Deliver Us From Evil

July 2, 20145 min

Horror films can be the easiest or the hardest to make. When it comes to filmmakers who choose to make horror films, most take the road most traveled and go with cheap gags to scare you. Then you have the ones who try and blaze a new trail, a trail that will soon have many copycats all trying to do that thing, a great example would be the found footage movies, that seem to be the go to when it comes to horror these days. Scott Derrickson is one who makes his own path, with films like “The Exorcism of Emily Rose” and “Sinister”, Derrickson tries to add his originality to certain stories.

Ralph Sarchie (Eric Bana) is everything you would think of when you picture a NYPD Detective. To him there is no God or Devil, because there is nothing that he has seen that can’t be attributed to human nature. When Sarchie and his partner get involved in a case involving a mother and her son at the zoo, unexplainable things start to happen as they investigate their case. Being the person that he is Sarchie tries to ignore the impossible and uses logic to explain the things he is hears and sees. His opinion starts to change when he meets a priest named Father Mendoza (Edgar Ramirez) who tells him about the truth in what he is witnessing. Sarchie, who has seen the evil of men, shuts out his wife Jen (Olivia Munn) and his daughter so that they don’t see the darkness that he believes is inside him. When the darkness comes to them, Sarchie must rediscover his faith and protect his family from the evil that hunts them.

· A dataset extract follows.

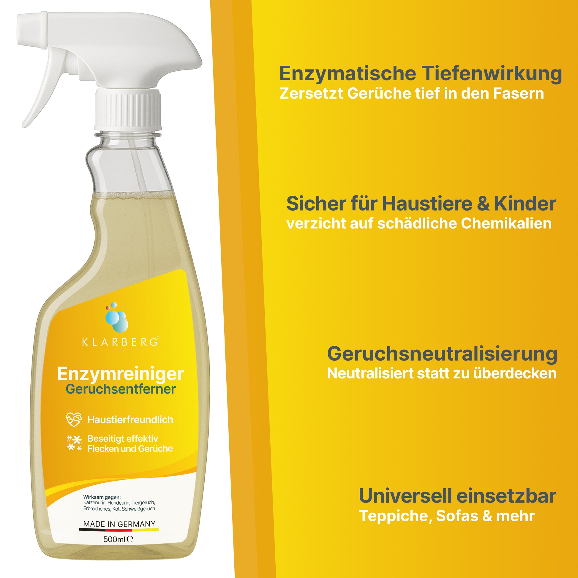 KLARBERG® Enzymreiniger 500 ml - Hundeurin Katzenurin Geruchsentferner

“Deliver Us From Evil” is one of those films that is not in a hurry to get to the finish line. It lets everything reach a slow boil, letting you take in little details that are happening around the main action on the screen. This is what made “Sinister” work so well , you had time to think about every little thing you saw unfold before your eyes. But what worked in one location there, doesn’t quite work in this film as well, you do feel the pacing until the conclusion. Where the film fails, is in its story, which is based off a book called “Beware the Night” by Ralph Sarchie and Lisa Collier Cool. Derrickson and Paul Harris Boardman adapted the book to the screen that has multiple stories of cases that Sarchie encountered as police officer and as a Demonologist. While the film sometimes doesn’t know what its focus should be, Derrickson makes the film good enough that you follow anyway. The film is dark, which gives Bana and his partner plenty of chances to do their best “X-Files” impression and show their skills with a flashlight. “Deliver Us From Evil” is not a great movie, but it is a decent horror movie, one that lets you think about what could happen just as much as what actually does. Derrickson takes a few steps back with this one after “Sinister”, but he still delivers up a conventional horror film.